Using the records that follow, reproduce exactly the lines starting at the line containing "Mettez-le dans la" and ending at the line containing "小貼士:斜拼很適合在不規則的". Include both end lines and no pictures.

> _Material provided_
++++++++++
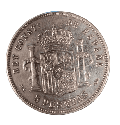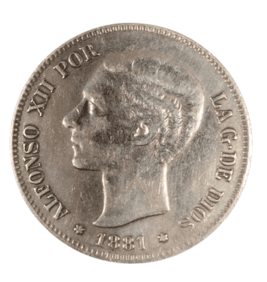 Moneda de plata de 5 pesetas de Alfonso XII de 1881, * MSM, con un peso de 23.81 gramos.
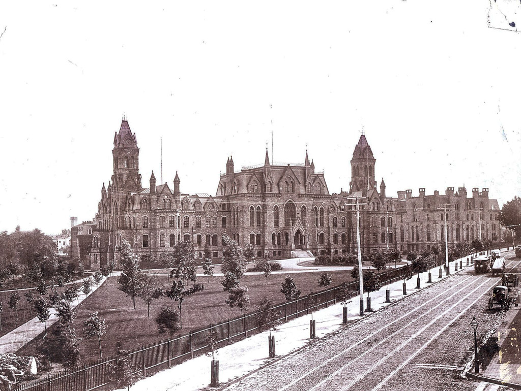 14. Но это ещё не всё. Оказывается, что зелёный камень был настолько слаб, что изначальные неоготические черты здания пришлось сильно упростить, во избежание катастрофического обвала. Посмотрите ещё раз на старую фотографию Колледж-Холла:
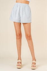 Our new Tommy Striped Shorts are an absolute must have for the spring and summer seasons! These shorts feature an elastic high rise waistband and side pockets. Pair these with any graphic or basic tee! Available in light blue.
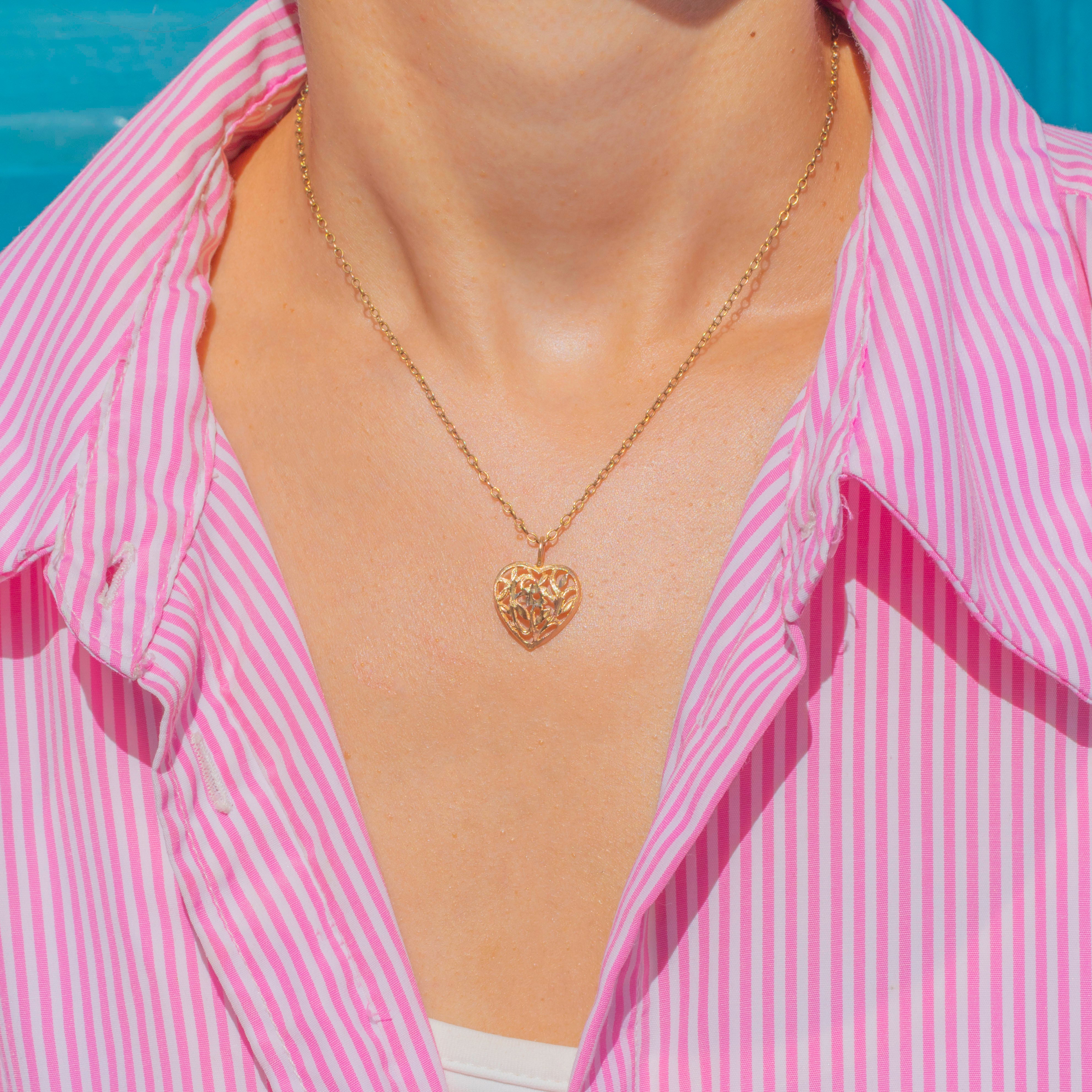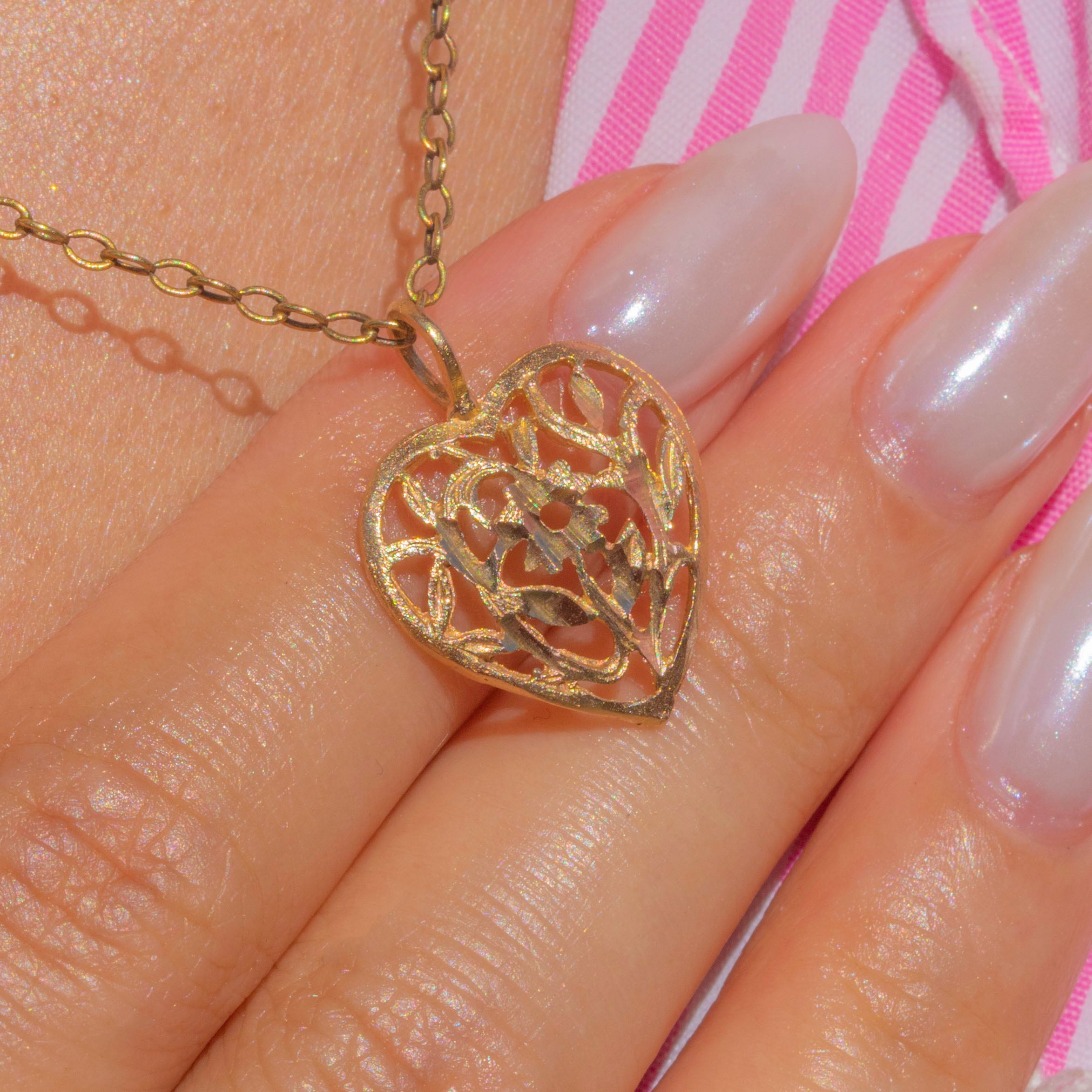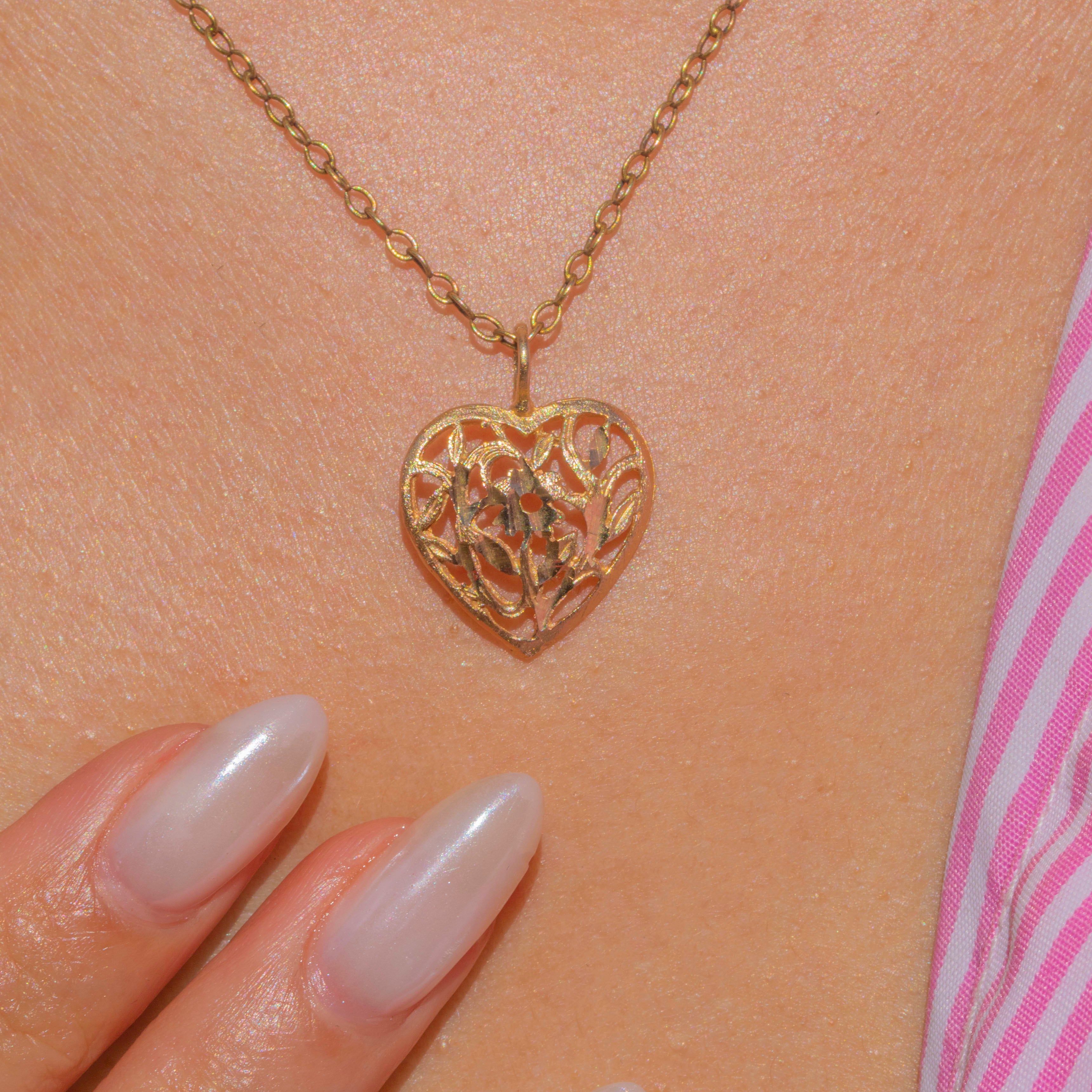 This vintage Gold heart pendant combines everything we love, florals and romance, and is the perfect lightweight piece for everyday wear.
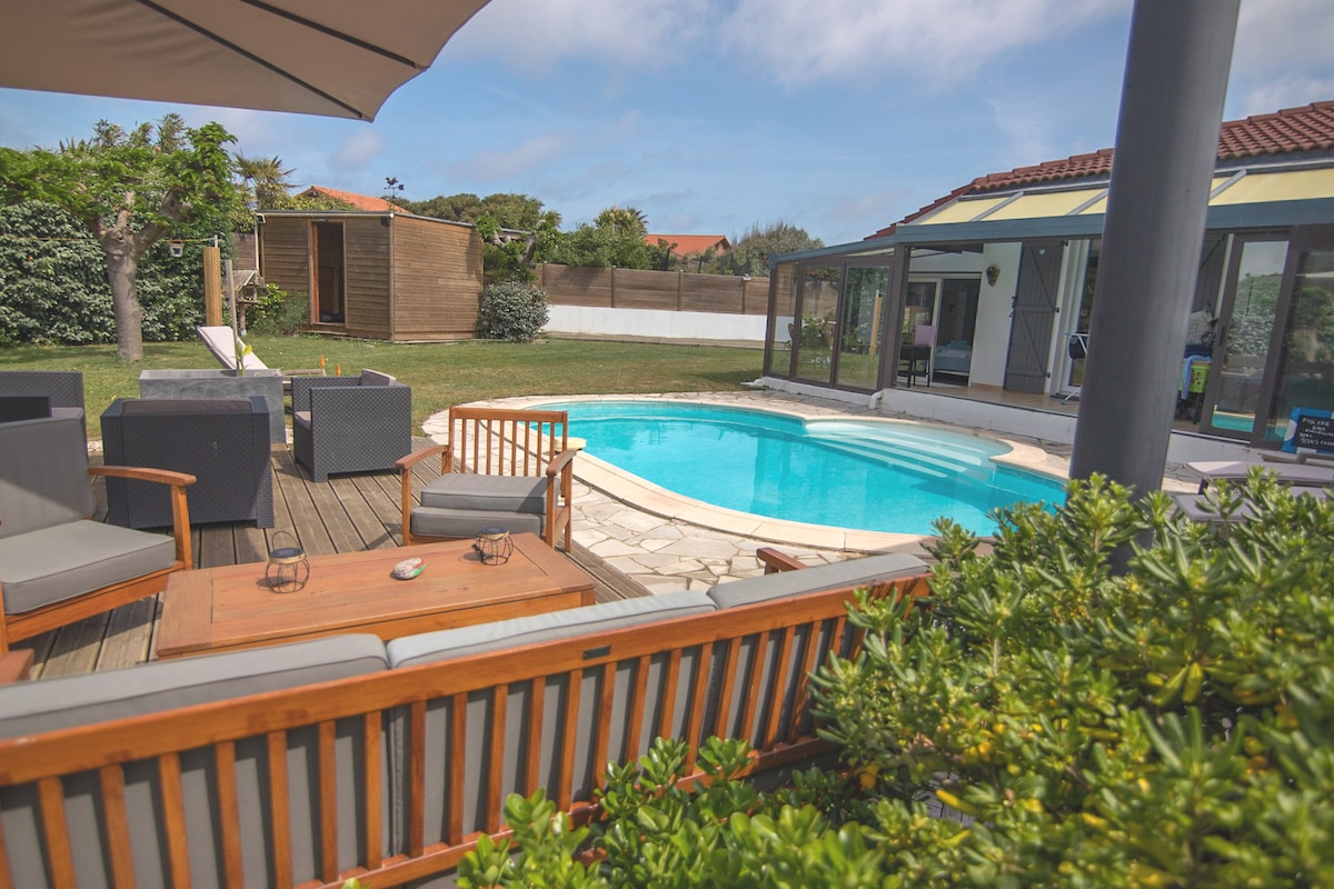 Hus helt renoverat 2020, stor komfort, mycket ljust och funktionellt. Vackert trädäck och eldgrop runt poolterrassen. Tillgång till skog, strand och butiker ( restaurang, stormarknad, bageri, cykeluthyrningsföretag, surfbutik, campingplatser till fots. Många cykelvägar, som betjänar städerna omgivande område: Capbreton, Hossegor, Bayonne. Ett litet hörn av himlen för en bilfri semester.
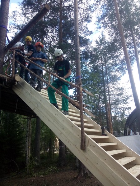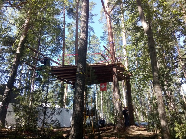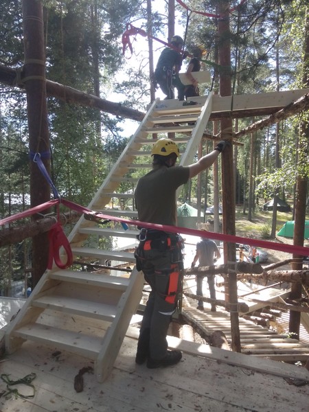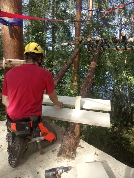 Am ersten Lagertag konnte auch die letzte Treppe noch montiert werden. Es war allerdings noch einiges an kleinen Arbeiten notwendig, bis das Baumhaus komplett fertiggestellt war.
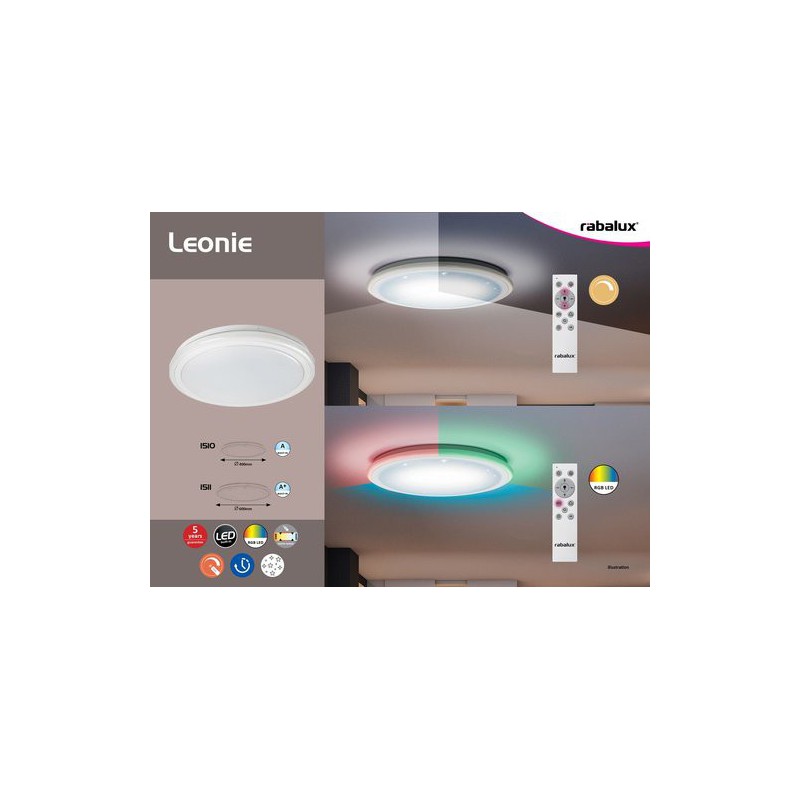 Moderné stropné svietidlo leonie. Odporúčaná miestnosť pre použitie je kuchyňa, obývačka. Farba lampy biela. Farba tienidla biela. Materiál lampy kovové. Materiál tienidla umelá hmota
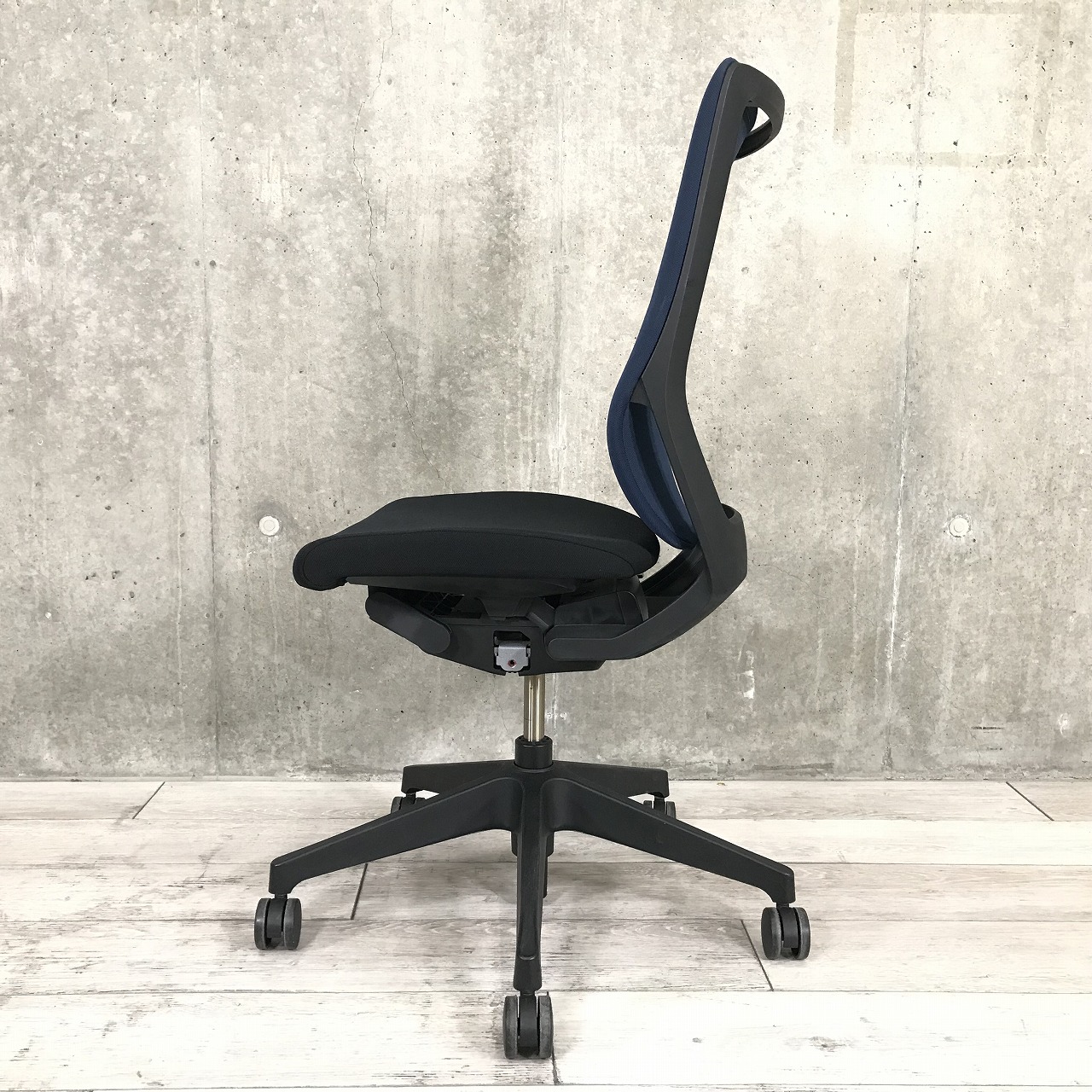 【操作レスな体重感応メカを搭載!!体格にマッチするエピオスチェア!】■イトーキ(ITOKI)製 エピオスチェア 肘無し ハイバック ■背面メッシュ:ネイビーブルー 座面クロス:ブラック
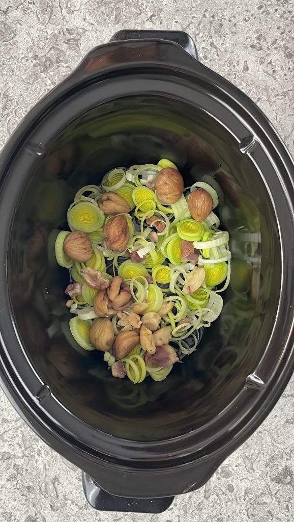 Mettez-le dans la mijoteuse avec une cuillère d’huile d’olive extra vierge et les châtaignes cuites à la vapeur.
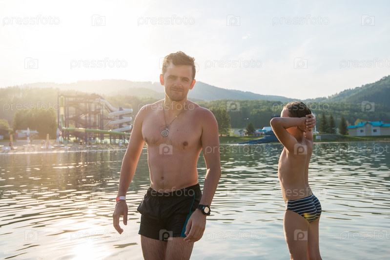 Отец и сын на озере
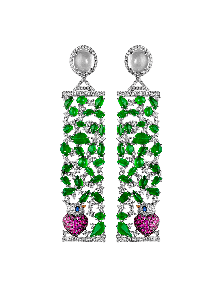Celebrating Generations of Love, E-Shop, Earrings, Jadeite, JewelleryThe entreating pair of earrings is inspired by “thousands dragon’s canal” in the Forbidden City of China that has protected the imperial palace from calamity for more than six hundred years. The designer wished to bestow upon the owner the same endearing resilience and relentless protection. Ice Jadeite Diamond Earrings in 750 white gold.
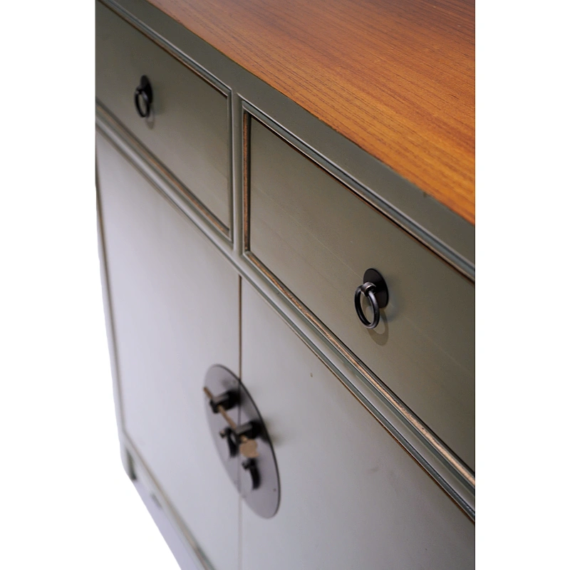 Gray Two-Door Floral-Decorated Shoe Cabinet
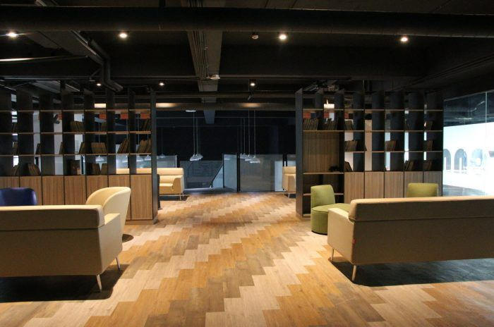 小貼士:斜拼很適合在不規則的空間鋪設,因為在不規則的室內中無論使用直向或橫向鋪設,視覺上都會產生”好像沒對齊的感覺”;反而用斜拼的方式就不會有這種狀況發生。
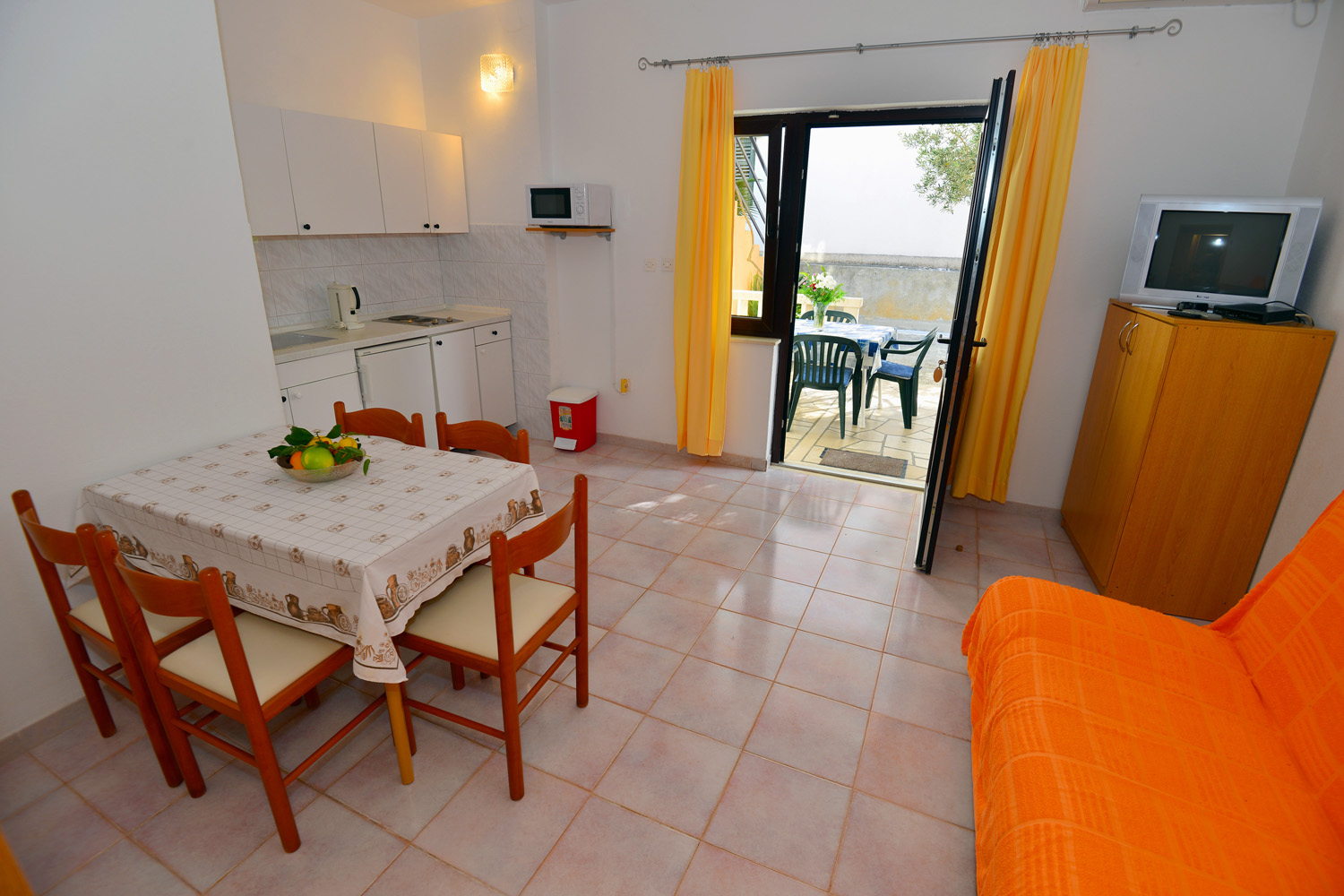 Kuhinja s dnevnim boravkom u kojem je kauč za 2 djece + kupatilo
++++++++++
> _Answer section_
 Mettez-le dans la mijoteuse avec une cuillère d’huile d’olive extra vierge et les châtaignes cuites à la vapeur.
 Отец и сын на озере
Celebrating Generations of Love, E-Shop, Earrings, Jadeite, JewelleryThe entreating pair of earrings is inspired by “thousands dragon’s canal” in the Forbidden City of China that has protected the imperial palace from calamity for more than six hundred years. The designer wished to bestow upon the owner the same endearing resilience and relentless protection. Ice Jadeite Diamond Earrings in 750 white gold.
 Gray Two-Door Floral-Decorated Shoe Cabinet
 小貼士:斜拼很適合在不規則的空間鋪設,因為在不規則的室內中無論使用直向或橫向鋪設,視覺上都會產生”好像沒對齊的感覺”;反而用斜拼的方式就不會有這種狀況發生。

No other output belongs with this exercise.